My research examines issues of law, hate and historical inequality. I explore the relationship between legal institutions, experiences of violence, and social imaginaries of hope, justice and restitution in the context of polarized political landscapes in South Asia and the South Asian diaspora in Europe and South Africa. Located at the intersection of anthropology and critical legal studies, my work analyses the potential of state law and human rights regimes to address structural inequalities and counteract culturally specific forms of oppression.
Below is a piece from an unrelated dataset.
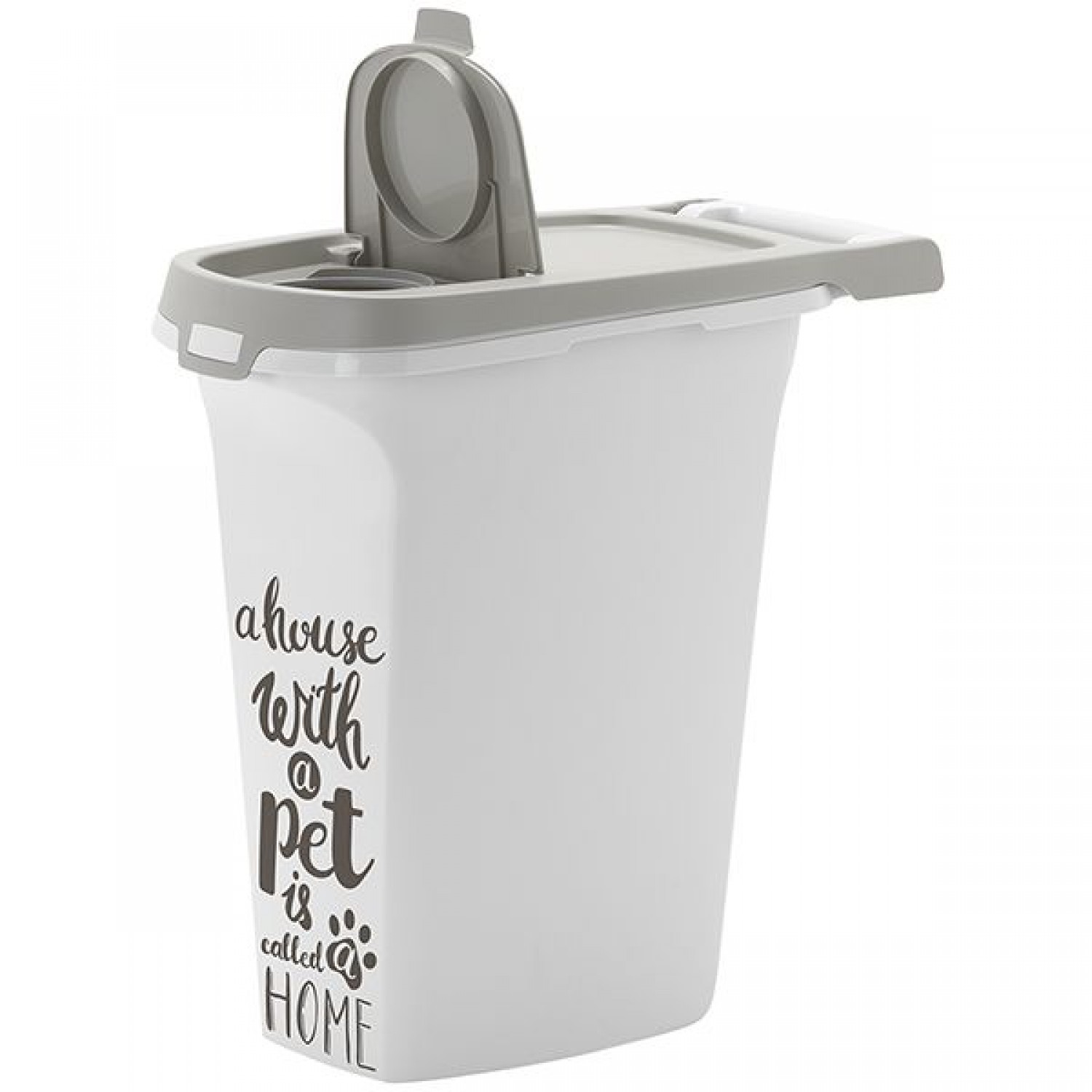 Модель предлагается в 5 вариантах объема: 5, 6, 10, 20, 38 л. В контейнерах объемом 5, 6 и 10 литров откидная крышка имеет 2 уровня открытия: полное вертикальное для заполнения контейнера кормом и небольшое для ежедневного использования. Все крышки фиксируются защелками.

My first book entitled Fragile Hope: Seeking Justice for Hate Crimes in India, published by Stanford University Press in 2024, won the James Busuttil Prize for Human Rights scholarship awarded by the Royal Asiatic Society and the 2025 APLA Book Prize in Critical Anthropology, awarded by the Assocation for Political and Legal Anthropology. Drawing on long-term fieldwork with Dalit (communities formerly considered 'untouchable' within the Indian caste system) survivors of caste atrocities, human rights NGOs, police, and judiciary, Fragile Hope unveils how Dalit communities in the state of Rajasthan interpret and mobilize India’s only hate crime law: the 1989 Scheduled Castes/Scheduled Tribes Prevention of Atrocities Act (PoA). The book shows that the PoA has emerged as a project of legal meliorism: the idea that persistent and creative legal labour can gradually improve the oppressive conditions that characterize Dalit lives. Using the intimate lens of personal narratives, Fragile Hope lays bare how legal processes converge and conflict with political and gendered concerns about justice for caste atrocities, creating new controversies, inequalities, and hopes.
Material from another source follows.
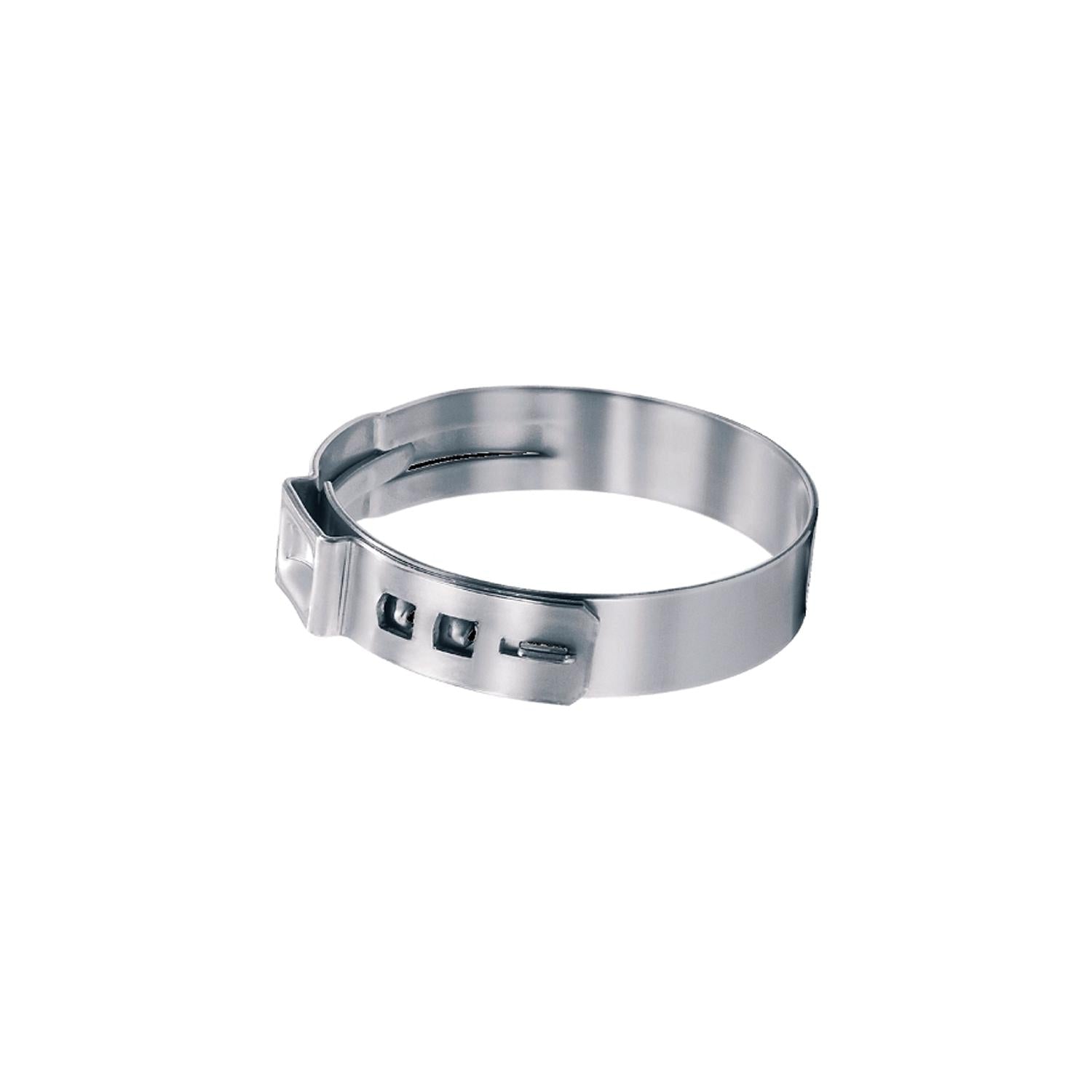 Oetiker one ear hose clamps with mechanical interlock. Specially formed strip edges reduce the risk of damage to the part being clamped. Mechanical interlock allows use of pre-coated materials. Available in key sizes. Uniform compression and increased clamping force. Features: All 304 stainless steel, Narrow band - 7mm,

My current research focuses on the Indian Supreme Court and analyses how Hindu nationalist ideologies shape judicial arguments around injury and harm in hate speech accusations levelled against religious minorities, and how these arguments, in turn, generate new historical discourses. The project analyses how court rooms can become a stage for the performance and disruption of political projects and interrogates how the politicization of court rooms shapes experiences of exclusion and belonging among different communities.

I am currently developing research that focuses on the digital migration of locally-rooted modes of hate speech and culturally specific concepts of "othering". I ask how hateful ideas change meaning as they traverse cultural boundaries and investigate how politially malleable vocabularies of exclusion can me moblized by authoritarian governments.